Goal of the exercise | Reproduce the entries shown below only from the line with "7. (2024·连云区期中)如图,在网格(每个小正方形的边长均为 1)中选取" down to the line with "Jogo pega fogo", keeping both end lines and copying each one exactly.

Records to use |
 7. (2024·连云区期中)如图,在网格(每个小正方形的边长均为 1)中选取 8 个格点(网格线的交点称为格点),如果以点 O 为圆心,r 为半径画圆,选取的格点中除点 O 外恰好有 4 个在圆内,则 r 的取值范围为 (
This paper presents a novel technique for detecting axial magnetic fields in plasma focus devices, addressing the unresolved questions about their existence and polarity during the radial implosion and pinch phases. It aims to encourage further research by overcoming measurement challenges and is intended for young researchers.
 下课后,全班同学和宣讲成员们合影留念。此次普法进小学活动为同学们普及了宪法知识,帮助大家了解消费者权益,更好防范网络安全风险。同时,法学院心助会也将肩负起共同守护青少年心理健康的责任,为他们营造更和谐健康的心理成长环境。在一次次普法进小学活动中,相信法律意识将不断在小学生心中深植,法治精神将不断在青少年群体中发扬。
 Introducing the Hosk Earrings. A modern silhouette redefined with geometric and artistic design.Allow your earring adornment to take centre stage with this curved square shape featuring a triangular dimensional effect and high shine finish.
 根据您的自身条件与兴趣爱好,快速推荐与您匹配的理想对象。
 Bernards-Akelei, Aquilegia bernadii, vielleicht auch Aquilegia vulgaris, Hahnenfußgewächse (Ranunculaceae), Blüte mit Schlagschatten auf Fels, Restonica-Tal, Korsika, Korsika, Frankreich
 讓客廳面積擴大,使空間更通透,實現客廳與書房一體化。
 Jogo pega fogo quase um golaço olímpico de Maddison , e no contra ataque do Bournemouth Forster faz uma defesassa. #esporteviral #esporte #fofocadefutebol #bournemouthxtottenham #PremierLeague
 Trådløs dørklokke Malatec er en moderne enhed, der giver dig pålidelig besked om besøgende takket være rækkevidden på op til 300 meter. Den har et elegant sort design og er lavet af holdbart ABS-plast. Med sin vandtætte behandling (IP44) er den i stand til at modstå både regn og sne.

...

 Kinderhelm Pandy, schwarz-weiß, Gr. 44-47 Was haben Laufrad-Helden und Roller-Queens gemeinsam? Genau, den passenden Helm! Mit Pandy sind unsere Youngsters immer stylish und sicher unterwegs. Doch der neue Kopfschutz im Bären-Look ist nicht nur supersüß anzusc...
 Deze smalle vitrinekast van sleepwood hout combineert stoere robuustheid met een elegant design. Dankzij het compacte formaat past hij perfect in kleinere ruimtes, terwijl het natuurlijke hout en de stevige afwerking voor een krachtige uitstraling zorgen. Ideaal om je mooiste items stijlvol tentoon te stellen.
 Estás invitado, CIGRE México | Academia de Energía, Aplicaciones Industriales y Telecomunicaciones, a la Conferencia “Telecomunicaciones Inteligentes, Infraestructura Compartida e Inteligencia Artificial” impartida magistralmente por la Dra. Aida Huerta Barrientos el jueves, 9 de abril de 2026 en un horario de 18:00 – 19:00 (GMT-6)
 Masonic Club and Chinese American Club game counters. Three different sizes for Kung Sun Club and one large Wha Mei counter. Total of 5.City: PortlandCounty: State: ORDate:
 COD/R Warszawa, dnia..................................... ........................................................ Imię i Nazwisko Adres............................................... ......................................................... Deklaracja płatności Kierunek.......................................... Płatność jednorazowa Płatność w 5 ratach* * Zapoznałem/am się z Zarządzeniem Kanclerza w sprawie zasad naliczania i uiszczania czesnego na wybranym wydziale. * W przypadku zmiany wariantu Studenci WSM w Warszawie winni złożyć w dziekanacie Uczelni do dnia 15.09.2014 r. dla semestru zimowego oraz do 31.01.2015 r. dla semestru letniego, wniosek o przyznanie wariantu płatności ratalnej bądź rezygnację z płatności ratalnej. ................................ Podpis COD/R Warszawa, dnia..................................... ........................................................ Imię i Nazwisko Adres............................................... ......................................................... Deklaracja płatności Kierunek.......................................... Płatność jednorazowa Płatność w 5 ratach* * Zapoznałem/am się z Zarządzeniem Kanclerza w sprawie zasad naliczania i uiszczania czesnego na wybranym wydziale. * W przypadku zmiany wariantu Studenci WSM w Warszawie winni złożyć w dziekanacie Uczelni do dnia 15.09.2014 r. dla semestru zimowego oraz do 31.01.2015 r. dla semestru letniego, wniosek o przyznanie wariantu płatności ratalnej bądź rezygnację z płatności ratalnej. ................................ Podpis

---

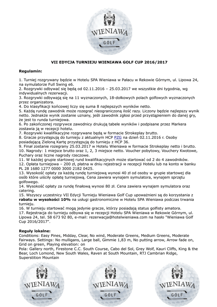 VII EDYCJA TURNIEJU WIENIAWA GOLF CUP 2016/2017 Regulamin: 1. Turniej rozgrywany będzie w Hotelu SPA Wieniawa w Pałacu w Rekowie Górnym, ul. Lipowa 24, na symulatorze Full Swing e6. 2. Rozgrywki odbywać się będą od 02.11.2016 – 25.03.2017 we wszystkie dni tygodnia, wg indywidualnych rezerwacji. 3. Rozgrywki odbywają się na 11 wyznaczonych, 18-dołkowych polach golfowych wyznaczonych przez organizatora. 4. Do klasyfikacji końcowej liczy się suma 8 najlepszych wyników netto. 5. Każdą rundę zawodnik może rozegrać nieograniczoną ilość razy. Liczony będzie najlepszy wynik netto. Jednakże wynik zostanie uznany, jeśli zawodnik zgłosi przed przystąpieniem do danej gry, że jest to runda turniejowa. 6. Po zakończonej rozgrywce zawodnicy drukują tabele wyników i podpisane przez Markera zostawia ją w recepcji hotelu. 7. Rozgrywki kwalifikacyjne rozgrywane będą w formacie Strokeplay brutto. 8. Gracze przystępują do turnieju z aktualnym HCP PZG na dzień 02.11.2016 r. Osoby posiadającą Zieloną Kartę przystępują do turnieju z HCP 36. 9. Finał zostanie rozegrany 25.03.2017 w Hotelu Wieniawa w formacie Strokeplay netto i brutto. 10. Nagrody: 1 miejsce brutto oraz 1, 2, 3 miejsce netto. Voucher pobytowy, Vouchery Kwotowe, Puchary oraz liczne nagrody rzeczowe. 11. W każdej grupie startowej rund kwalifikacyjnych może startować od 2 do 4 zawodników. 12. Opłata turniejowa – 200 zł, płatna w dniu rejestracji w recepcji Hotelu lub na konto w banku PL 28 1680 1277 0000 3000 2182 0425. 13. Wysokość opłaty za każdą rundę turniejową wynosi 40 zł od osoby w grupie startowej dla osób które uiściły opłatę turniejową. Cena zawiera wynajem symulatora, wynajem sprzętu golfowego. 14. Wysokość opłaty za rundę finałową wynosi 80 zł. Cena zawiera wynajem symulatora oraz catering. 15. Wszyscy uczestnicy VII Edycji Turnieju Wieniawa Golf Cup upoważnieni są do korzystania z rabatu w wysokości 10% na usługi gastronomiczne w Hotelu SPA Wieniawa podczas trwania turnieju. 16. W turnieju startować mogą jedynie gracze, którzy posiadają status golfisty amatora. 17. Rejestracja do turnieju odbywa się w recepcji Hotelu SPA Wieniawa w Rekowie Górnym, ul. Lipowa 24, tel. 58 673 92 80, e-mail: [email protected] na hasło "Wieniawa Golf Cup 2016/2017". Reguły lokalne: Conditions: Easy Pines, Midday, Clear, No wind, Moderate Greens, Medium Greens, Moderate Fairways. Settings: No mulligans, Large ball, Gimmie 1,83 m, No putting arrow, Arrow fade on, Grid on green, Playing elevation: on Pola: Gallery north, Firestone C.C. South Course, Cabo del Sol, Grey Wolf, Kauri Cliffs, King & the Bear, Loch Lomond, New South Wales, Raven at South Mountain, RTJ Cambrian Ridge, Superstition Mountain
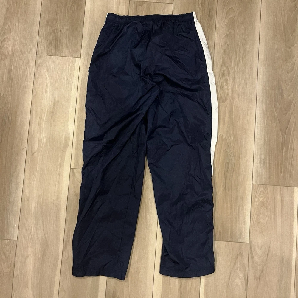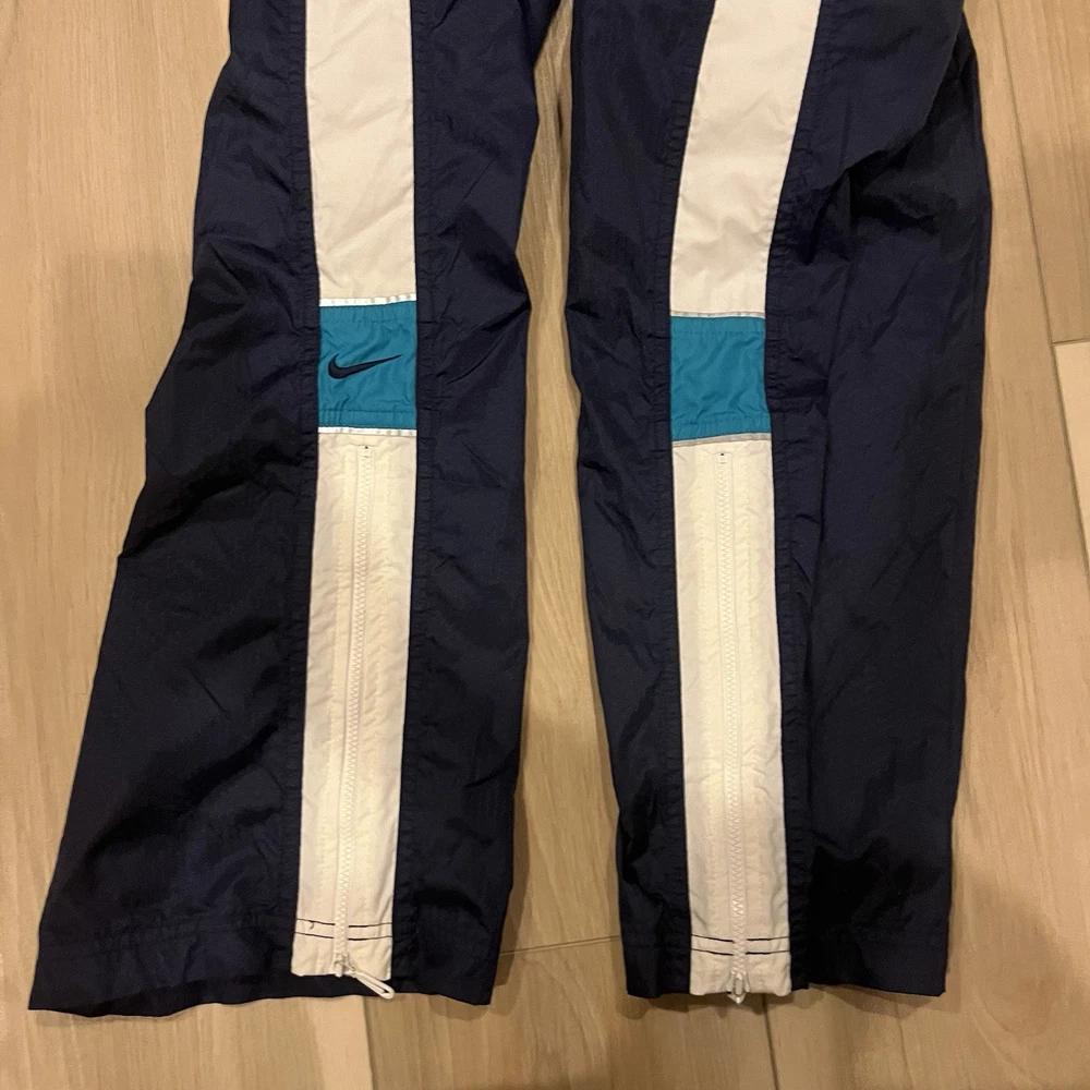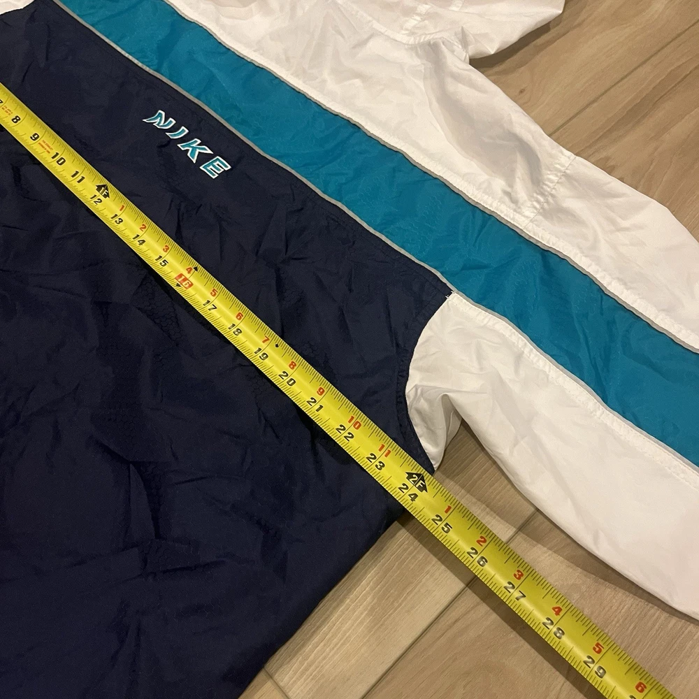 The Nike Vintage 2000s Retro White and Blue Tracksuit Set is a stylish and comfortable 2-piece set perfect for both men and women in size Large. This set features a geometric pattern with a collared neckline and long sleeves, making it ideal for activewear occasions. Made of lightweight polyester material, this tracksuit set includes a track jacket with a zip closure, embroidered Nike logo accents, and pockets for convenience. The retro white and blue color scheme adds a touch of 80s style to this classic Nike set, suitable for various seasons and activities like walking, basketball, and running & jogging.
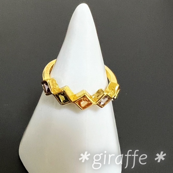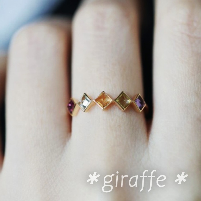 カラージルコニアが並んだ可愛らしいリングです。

Answer to this problem |
 7. (2024·连云区期中)如图,在网格(每个小正方形的边长均为 1)中选取 8 个格点(网格线的交点称为格点),如果以点 O 为圆心,r 为半径画圆,选取的格点中除点 O 外恰好有 4 个在圆内,则 r 的取值范围为 (
This paper presents a novel technique for detecting axial magnetic fields in plasma focus devices, addressing the unresolved questions about their existence and polarity during the radial implosion and pinch phases. It aims to encourage further research by overcoming measurement challenges and is intended for young researchers.
 下课后,全班同学和宣讲成员们合影留念。此次普法进小学活动为同学们普及了宪法知识,帮助大家了解消费者权益,更好防范网络安全风险。同时,法学院心助会也将肩负起共同守护青少年心理健康的责任,为他们营造更和谐健康的心理成长环境。在一次次普法进小学活动中,相信法律意识将不断在小学生心中深植,法治精神将不断在青少年群体中发扬。
 Introducing the Hosk Earrings. A modern silhouette redefined with geometric and artistic design.Allow your earring adornment to take centre stage with this curved square shape featuring a triangular dimensional effect and high shine finish.
 根据您的自身条件与兴趣爱好,快速推荐与您匹配的理想对象。
 Bernards-Akelei, Aquilegia bernadii, vielleicht auch Aquilegia vulgaris, Hahnenfußgewächse (Ranunculaceae), Blüte mit Schlagschatten auf Fels, Restonica-Tal, Korsika, Korsika, Frankreich
 讓客廳面積擴大,使空間更通透,實現客廳與書房一體化。
 Jogo pega fogo quase um golaço olímpico de Maddison , e no contra ataque do Bournemouth Forster faz uma defesassa. #esporteviral #esporte #fofocadefutebol #bournemouthxtottenham #PremierLeague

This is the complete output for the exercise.